Chronic, open and non-healing wounds are a great challenge to surgeons and treatment of these wounds can cost a lot and can involve a lot of time. The patient may even have to remain in the hospital for a long duration of time. Wound healing is a complex process and is dynamic. The first step in wound healing is cell migration which is essential for repair and closure.
Other sequences in wound healing are debris removal, infection control, control of inflammation, development of new blood vessels which is known as angiogenesis, deposition of granulation tissue, contraction of the wound, remodelling of the matrix of the connective tissue and maturation. Defects in any of the sequences of wound repair can result in chronic wounds.

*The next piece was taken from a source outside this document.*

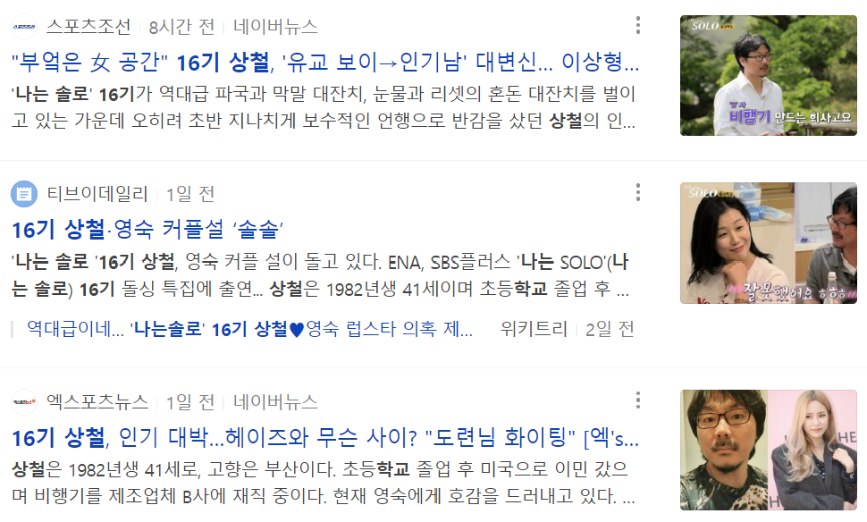 | 나는 솔로 16기 영철 인스타 및 이런저런 이야기 (1) | 2023.09.03 |

Such wounds are associated with pressure, venous insufficiency, trauma, diabetes mellitus, prolonged immobilization and vascular disease.

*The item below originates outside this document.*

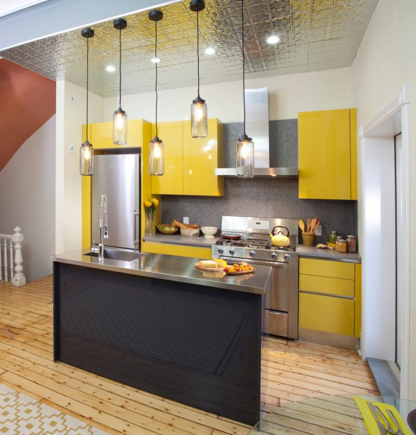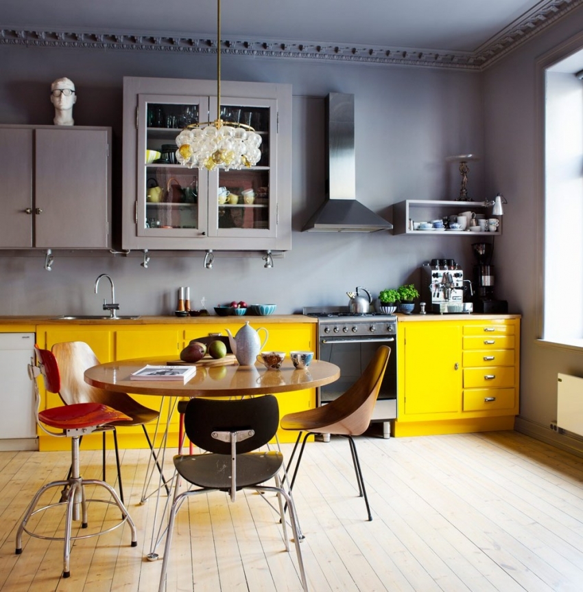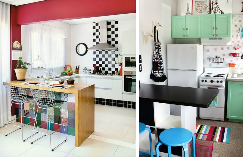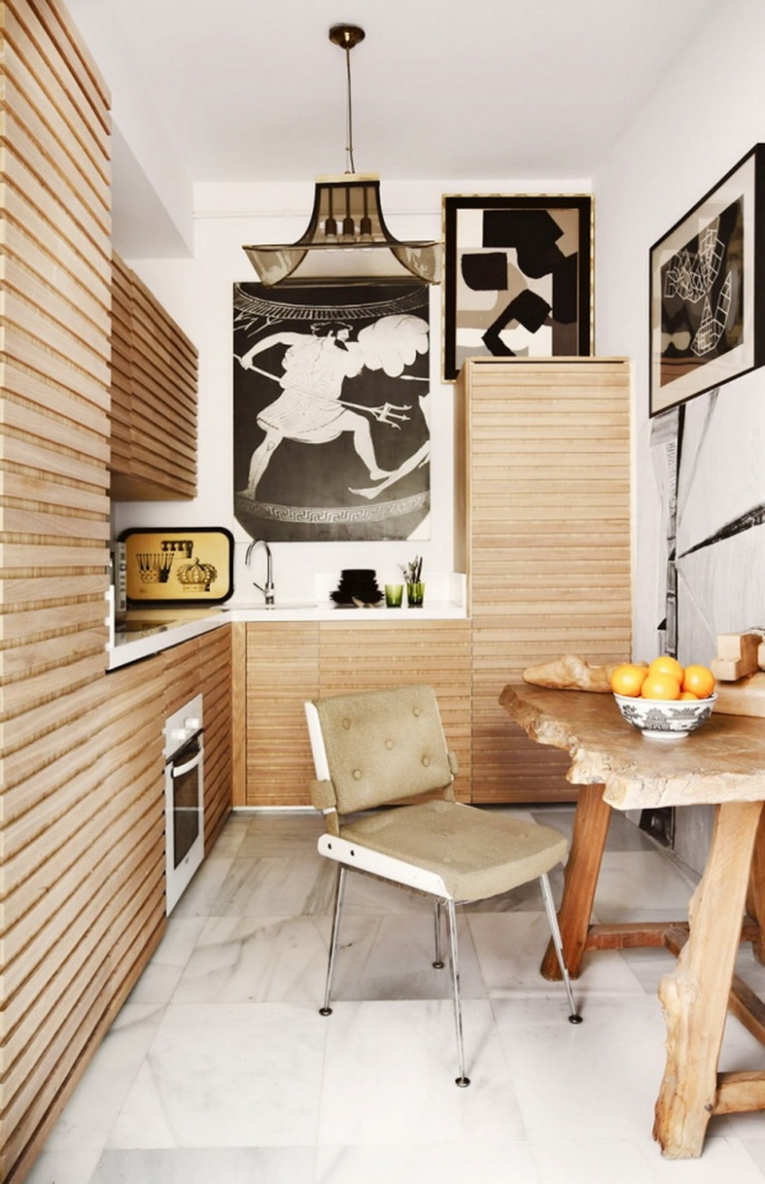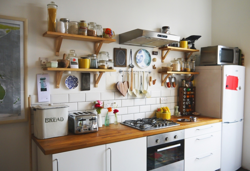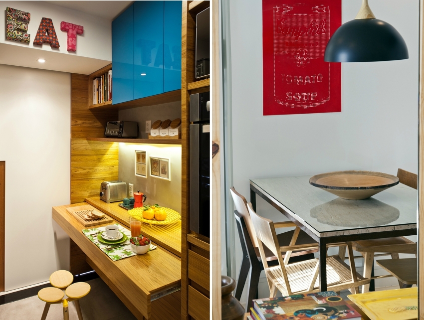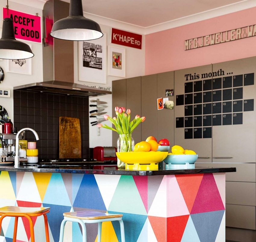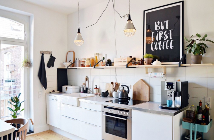 Để trang trí một căn bếp nhỏ tân nghệ thuật bạn có thể sử dụng phụ kiện thú vị và đồ nội thất có hình dạng khác thường

VAC therapy is known to be effective for the treatment of chronic wounds. Rapid healing of wounds also decreases hospitalization stay and cost of treatment. Other benefits include faster return to activity and decreased risk of infection (Joseph et al, 2000). Pressure ulcers VAC therapy is useful in the treatment of full-thickness pressure ulcers. It is recommended both for definitive therapy and also for optimization of wound bed prior to surgical closure.

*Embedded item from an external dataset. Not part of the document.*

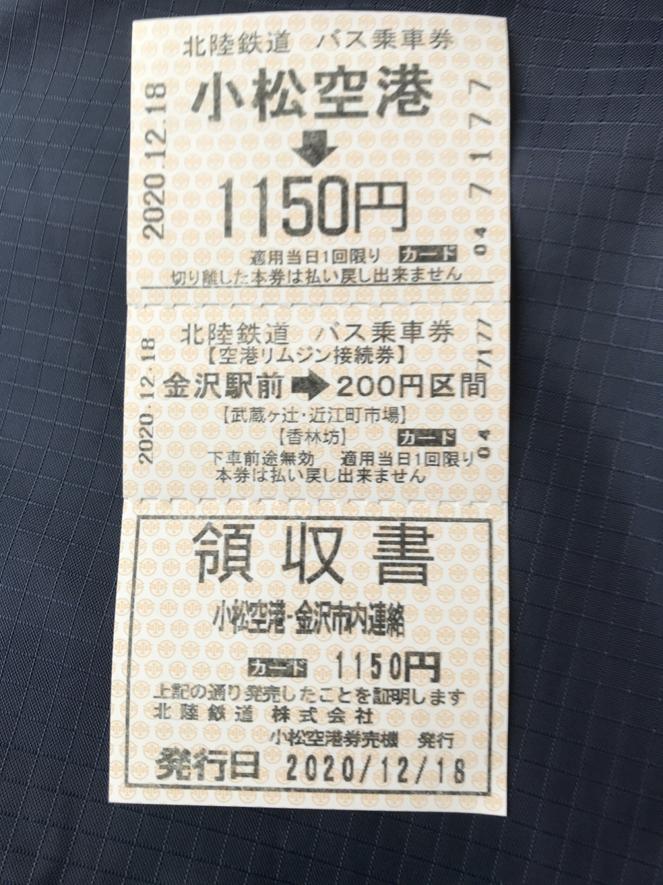 空港から金沢駅までのバスには市内のバス券があるので移動される方は確認するとよよいでしょう。

VAC therapy improves perfusion and promotes granulation tissue formation. Diabetic foot ulcers Chronic diabetic foot ulcers pose a challenge to the physicians (Sibbald, et al. , 2003). Many a times, these ulcers need multi-modality interventions like wound debridement, antibiotic treatment, revascularization and offloading of the foot (Hopf et al, 2001). Many treatments have been reported for diabetic foot in the literature.
These include negative pressure wound therapy, administration of growth factors, electric stimulation, tissue substitutes with either skin grafts or bioengineered tissue and advanced moist wound therapy (Blume et al, 2008). Blume et al (2008) conducted a randomized control trial on the efficacy of VAC therapy and reported that this form of therapy is much superior to other treatment modalities for diabetic foot ulcer. The authors reported that VAC therapy decreased the risk of amputation and increased chances of complete ulcer healing.